We'll start with insights.
I've segregated these tools into four major categories, namely statistical tools, business intelligence, data mining and data collaboration. Those first two are large, mature segments with tools that have been around, in some cases, for decades. Data mining and collaboration aren't quite brand new, but they are less mature markets I expect to grow dramatically as more organizations put additional focus and budget on data and data science.
Statistical tools focus on ad hoc analysis and allow data scientists to do powerful things like run regressions and visualize data in a more easily digestible format. It's impossible to talk about statistical tools and not mention Microsoft Excel, a program used by data scientists, analysts and basically everyone else with a computer. Data scientists have done powerful things with Excel, and it was one of their best, original tools, so it has serious staying power despite serious flaws. In fact, in CrowdFlower’s recent survey of data science tools, we found that Excel is still the program data scientists use most.
Still, there are plenty of tools after that old mainstay. The programming language R is extremely popular as a way to analyze data and has a vast library of open-source statistical packages. Tableau is a great program for visualizing data, used by everyone from businesses to academics to journalists. Mathworks makes Matlab, which is an engineering platform unto itself, allowing users to not only create graphs but also build and optimize algorithms. SPSS and Stata have been around for decades and make it easy to do complicated analysis on large volumes of data.

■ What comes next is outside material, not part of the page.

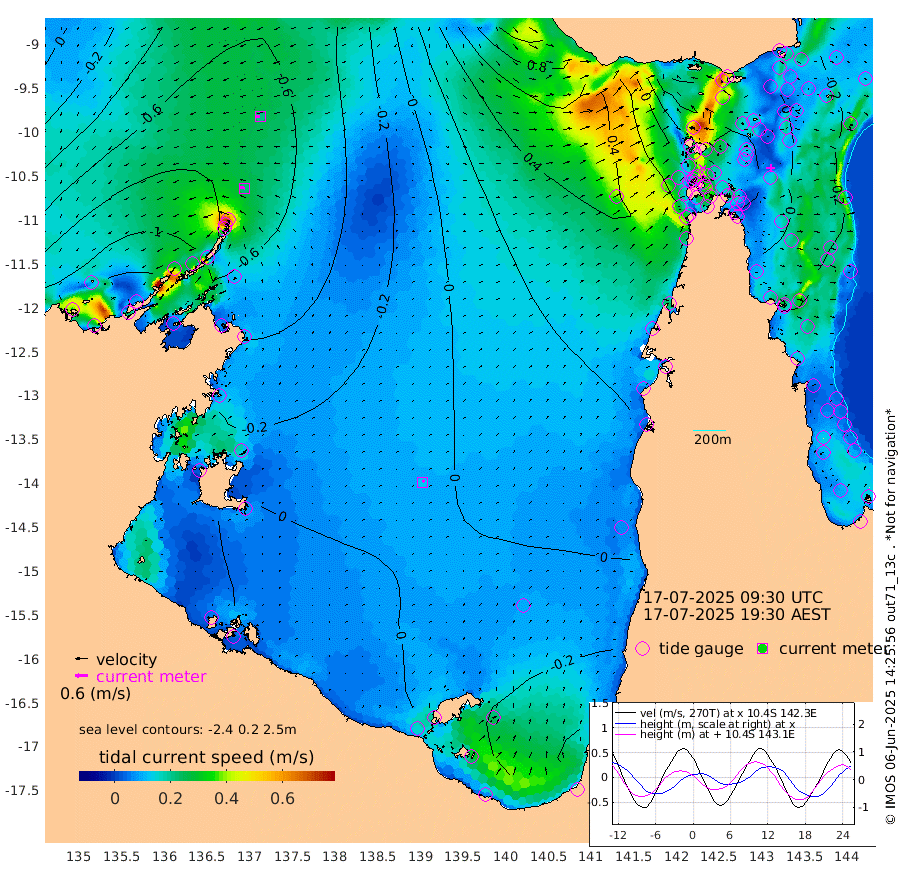 23cm/s -73T +3cm/s rms + 7cm/s -42T. ARA-GOC87 57m 13cm/s 33T +3cm/s rms + 2cm/s -2T. ARA-GOC87 60m 21cm/s -91T +2cm/s rms + 3cm/s 61T. ARA-GOC87 47m -14cm Daru -17cm Bobo Island -20cm Meer Island Barge -20cm Bramble Cay -8cm Unnamed Cay -25cm Pearce Cay -18cm Stephens Island -5cm Merrie England Shoals -2cm Mutacomal Reef -16cm Darnley Island Barge -23cm East Cay -12cm Yorke Island Barge -12cm Rennel Island -13cm Aureed Island -12cm Dungeness Reef -5cm Zagai Island -7cm Yam Island -29cm Dauan Island -9cm Saibai Island -22cm Phipi Reef -20cm Warrior Reef - West 10cm Mabuiag Island Barge -12cm Half Way Island 0cm Coconut Island -8cm Dugong Islet -3cm Poll Island -2cm Kirkcaldie Reef 17cm Suarji Island 7cm Sue Islet 5cm Hawkesbury Island 21cm Alert Patches 13cm Twin Island 0cm Badu Island 10cm St Pauls (Moa Island) -1cm Kubin (Moa Island) 13cm Ince Point 16cm Thursday Island 15cm Nardana Patches 7cm Turtle Head 20cm Round Island 8cm Goods Island 24cm Booby Island 21cm White Rocks Area 66cm Carpentaria 8cm Papou Point 52cm Bampfield Head 15cm Crab Island 18cm Red Wallis Island 2cm Packe Island 1cm Harrington Reef 16cm Herald Camp 8cm Sharp Point 5cm Red Island Point 24cm Possession Island 19cm Alpha Rock 6cm Frederick Point 1cm Wyborn Reef Light 3cm Tetley Island -15cm Triangle Reef -4cm Turtle Head Island -17cm Maclennan Cay -21cm Raine Island -10cm Mcsweeny Reef -8cm Collette Reef -13cm Shadwell Reef -9cm Hannibal Island -19cm Round Point 28cm Vrilya Point -8cm Cape Grenville -21cm Hicks Island -19cm Sir Charles Hardy Island -5cm Harvey Island -8cm Kay Reef -18cm Rocky Island -19cm Chapman Island -15cm Ham Reef -19cm Jubilee Reef -17cm Night Island -16cm Unnamed Reef No. 3 -19cm Morris Island -16cm 1st 3 Mile Opening -17cm Creech Reef -31cm Fife Island -26cm Eden Reef -15cm Stanley Island -24cm Normanby River -137cm Yabooma Island -155cm Hutchison River -127cm Elcho Island -128cm North West Crocodile Island -83cm Cape Wessel -119cm Stevens Island -89cm Guluwuru Island -103cm Hopeful Bay -90cm Auster Point -105cm Two Island Bay -168cm Cadell Strait -93cm Mallison Island -82cm Melville Bay (Gove Harbour) -83cm Truant Island -52cm Cape Arnhem -24cm Cape Grey -14cm Hawk Island 14cm Milner Bay (Groote Eylandt) 12cm Cape Beatrice 48cm West Island 57cm Centre Island -1cm Mornington Island 2cm West Wellesley Islands -16cm Bountiful Island -40cm Albert River Mouth -19cm Sweers Island -39cm Karumba -28cm Nassau River Offshore -25cm Christmas Creek -6cm Archer River 6cm Boyd Point -5cm Weipa (Humbug Point) 17cm Pennefather River 21cm Cullen Point

Business intelligence tools are essentially statistical tools focused on creating clear dashboards and distilling metrics. You can think of them as tools that translate complicated data into a more readable, more understandable format for less technical people in your organization. Dashboards allow non-data scientists to see the numbers that are important to them upfront and make connections based on their expertise. Gartner pegs this as a $14 billion market, with the old guard like SAP, Oracle and IBM being the largest companies in the space. That said, there are upstarts here as well. Companies like Domo and Chartio connect to all manner of data sources to create attractive, useful dashboards. These are tools created for data scientists to show stakeholders their success in an organization as well as the health of the organization as whole.
Where those business intelligence tools are more about distilling data into easy-to-absorb dashboards, data mining and exploration software is concerned with robust, data-based insights. This is much more in line with the "sexy stuff" mentioned in the quote above. These companies aren't about just showing data off; they specialize in building something actionable from that data.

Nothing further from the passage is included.